American social media content and the powerful US pro-life lobby are fuelling stigmatisation perceptions among Australian young people who may wish to seek out and use safe abortion services, a national study has found.
Along with improved abortion-related knowledge and community education, there is a clear need for more education and rational normalised conversations about abortion care in Australia, says Flinders University researcher Kari Vallury, who will present some of the findings from the 'Australian Abortion Stigma Study' at the Abortion Conference 2022 Reproductive Rights this month (4-5 August).
"Our online survey received more than 70,000 responses, making it the largest ever, and begins to fill the gaps in limited understanding about abortion stigma in Australia to date," says PhD candidate Ms Vallury, who is also Senior Research Assistant with not-for-profit pro-choice pregnancy support service Children by Choice, which is running the Brisbane conference.
"International research shows abortion stigma leads to poorer social and mental health outcomes for abortion seekers, and can cause them to avoid seeking health care. It even deters health professionals from offering abortion services, limiting its availability in much of Australia."
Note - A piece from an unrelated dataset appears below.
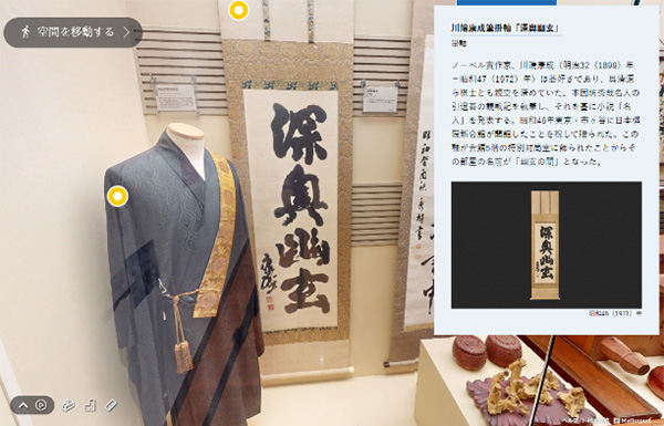 ※ VR用の機器は必要ありません。 - 実在の展示室を再現したVR空間を自由に散策、展示してある資料をVR空間で閲覧可能。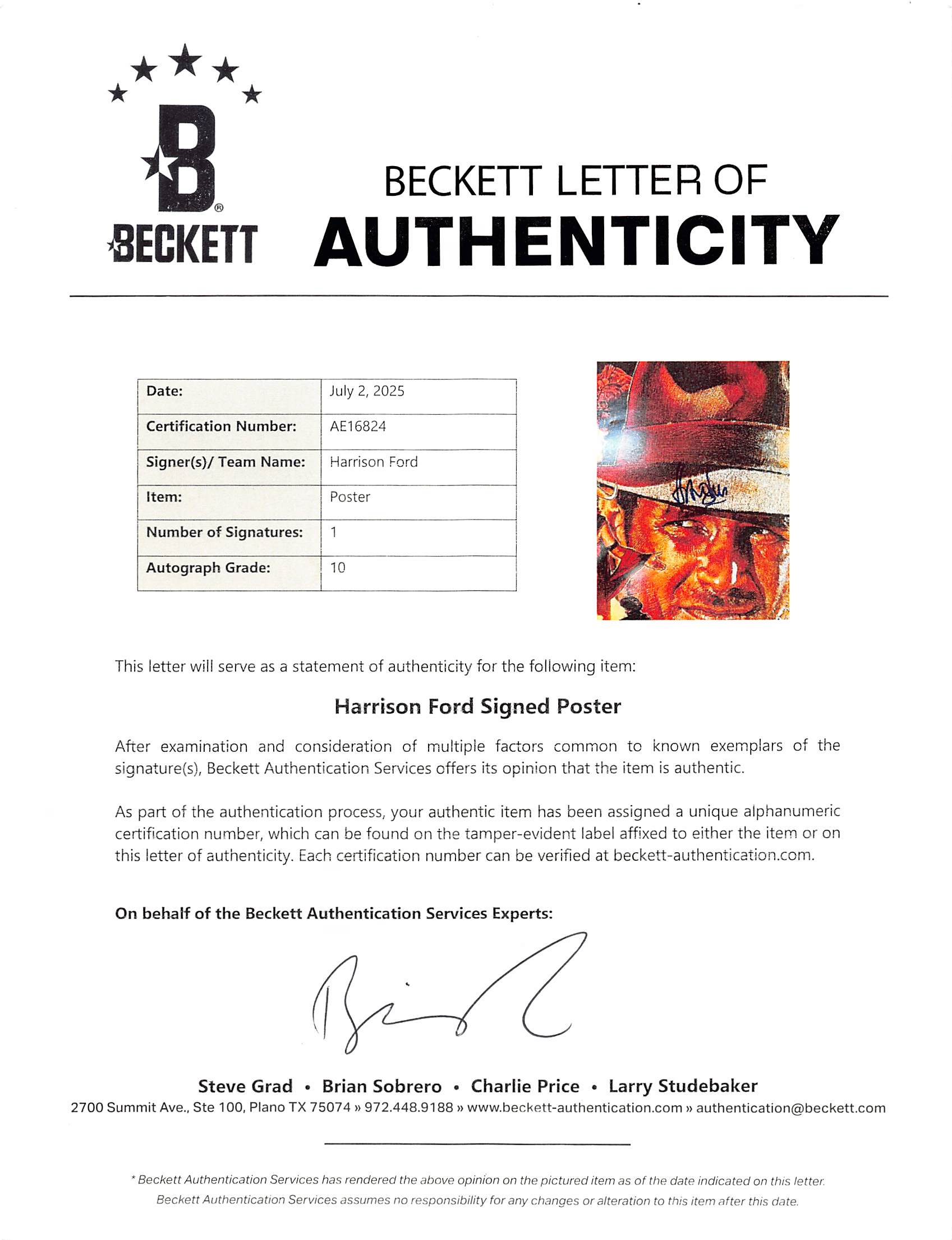 This Autographed Auto Graded Gem Mint 10! & Framed 24x36 Poster has been Personally Signed by Harrison Ford of Indiana Jones & The Temple Of Doom. This item is 100% Authentic to include a Certificate of Authenticity (COA) / hologram by Beckett Authentication Services. The authenticity can be verified on Beckett Authentication Services website. This item has been professionally framed to overall dimensions of approximately 32.5 x 44.5 inches.

The online survey measuring abortion attitudes, beliefs, knowledge, stigma and personal characteristics was developed with input from eight national and global experts and statistically weighted to ensure geographic and voting preferences align with Australian averages.
So far, the study found:
· The vast majority of people in Australia support access to abortion care on demand, however 65% of the sample anticipate that people who have an abortion are likely to experience harassment.
· Not supporting abortion is related to frequent religious attendance, conservative values and sexism.
· People most concerned about experiencing negative social consequences related to abortion were more likely to be pro-choice, non-religious, young, not a parent, and politically Left-leaning.
· People most likely to think the Australian community is anti-abortion were those who attended religious services once a week or more frequently, vote Liberal or National, didn't have an abortion experience, had poor abortion-related knowledge, scored highly on measures of sexism and help anti-abortion attitudes.
Further in-depth interviews with 20 young Australians found many factors affected their anticipation of abortion stigma, including:
· Primary news sources from US social media often augmented their perceptions of Australians' abortion stance.
· Awkwardness or complete denial of the existence of abortion in key settings and people - in school, like the exclusion of abortion from sex ed, in media e.g. with presenters often talking about abortion in unemotional, detached ways, and parents who were awkward to discuss abortion - taught young people abortion is taboo.
· Religious schooling or reliance on parental support and fear of dropping out of education on life prospects impact young people's experience of stigma.
· Media taught them it was contested, and made them fearful because of the combative nature of the debate.
"Some of the protective factors that can help to combat abortion stigma include normalising abortion conversations, at home, at school and in the media, and providing young people with the right information about providing safe and accessible abortion services, their safety, commonality and how to access them," says Ms Vallury.
She also suggests that it's important to address overarching drivers of stigma, such as laws, policies, a lack of abortion services, and social discourse which stereotypes and discriminates against people who have and provide abortions.